Southern Baptists Discuss Identity, Controversy

Amid increasing clashes in the Southern Baptist Convention, the largest Protestant denomination in the United States, the head of the SBC opened a conference on Thursday to discuss the Baptist identity and the controversy within.

SBC President Frank Page told a crowd of around 200 at Union University in Jackson, Tenn., that the denomination does not belong to them as he acknowledged factions among Baptists.

"Oftentimes in our convention, we're broken into groups," said Page, according to The Jackson Sun. "This convention does not belong to me or to you. It is a Jesus convention."

Earlier, a leader with the North American Mission Board – the American mission arm for the SBC – expressed being "heartbroken" about disagreements over theology and worship style among Baptists and that such feuding takes away from the evangelism focus of the denomination.

Bill Curtis, chairman of trustees for the NAMB, said the debates he has been seeing would ultimately mean "missed evangelistic opportunity."

At the second Baptist Identity Conference, Page expressed similar concern and emphasized the need to adopt the selflessness of Christ and the need for more open dialogue at every level of the convention.

Funding priorities for missions has been one topic of debate among Southern Baptists.

One pastor told the local newspaper that missions is a priority, even ahead of his own salary.

"Missions is the lifeblood of the church," said Robert Mcllwain, interim pastor at Highland Park Baptist Church in Lawrenceburg. "I really believe that. I would cut my salary before I would cut missions. ... God was on a mission when He sent Christ."

Page also prioritized missions. "Don't short-change God. When you short-circuit the Great Commission, you're cutting off the favor of God."

The three-day conference, themed "Convention, Cooperation and Controversy," comes at a time when members of the North American Baptist Fellowship are working toward creating a new Baptist voice and improving the negative image that some believe conservative Baptists, mainly Southern Baptists, have painted. The new initiative is spearheaded by former president Jimmy Carter and also includes Bill Clinton's support.
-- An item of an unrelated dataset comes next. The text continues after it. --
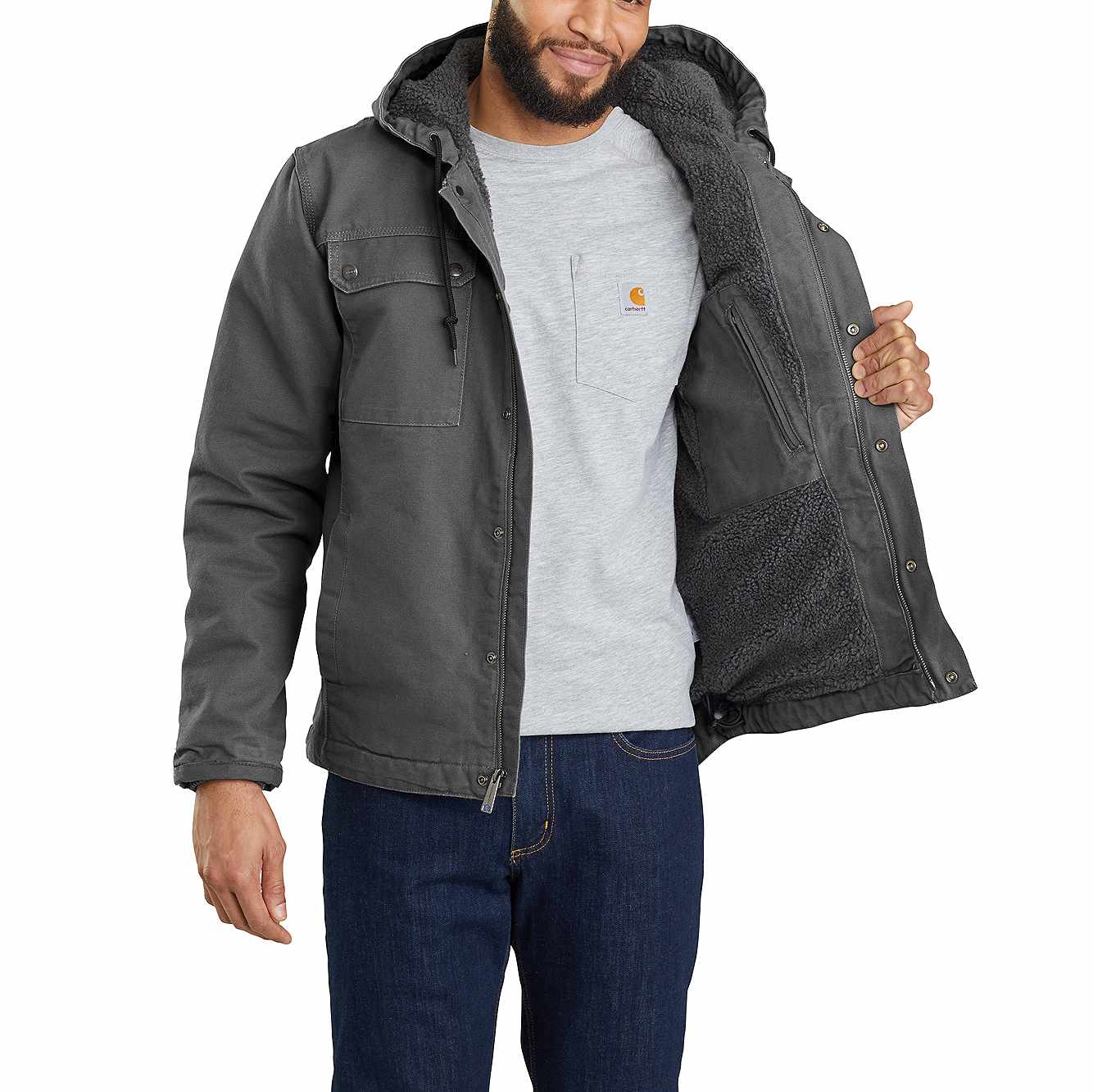 Engineered For midrange warmth in moderately cold conditions, this men's sherpa-lined jacket is built to endure cold, wind, and tough days on the job. Rugged without being rigid, it's made with durable cotton duck and is reinforced with Cordura® at wear points along the cuffs. This warm layer is lined with soft sherpa fleece through the body and hood, with warm quilted nylon through the sleeves. Generous pockets inside and out provide plenty of on-the-go storage options. Previously known as the Washed Duck Bartlett Jacket.

Baptists behind the "New Baptist Covenant" initiative plan to place greater emphasis on compassion works and try to shift the focus from divisive issues to "common commitments" among Baptists, as Carter said. Southern Baptists were not formally invited to take part in the initiative but were said to be welcomed. Carter announced a convocation for the new Baptist voice to be held in January of 2008.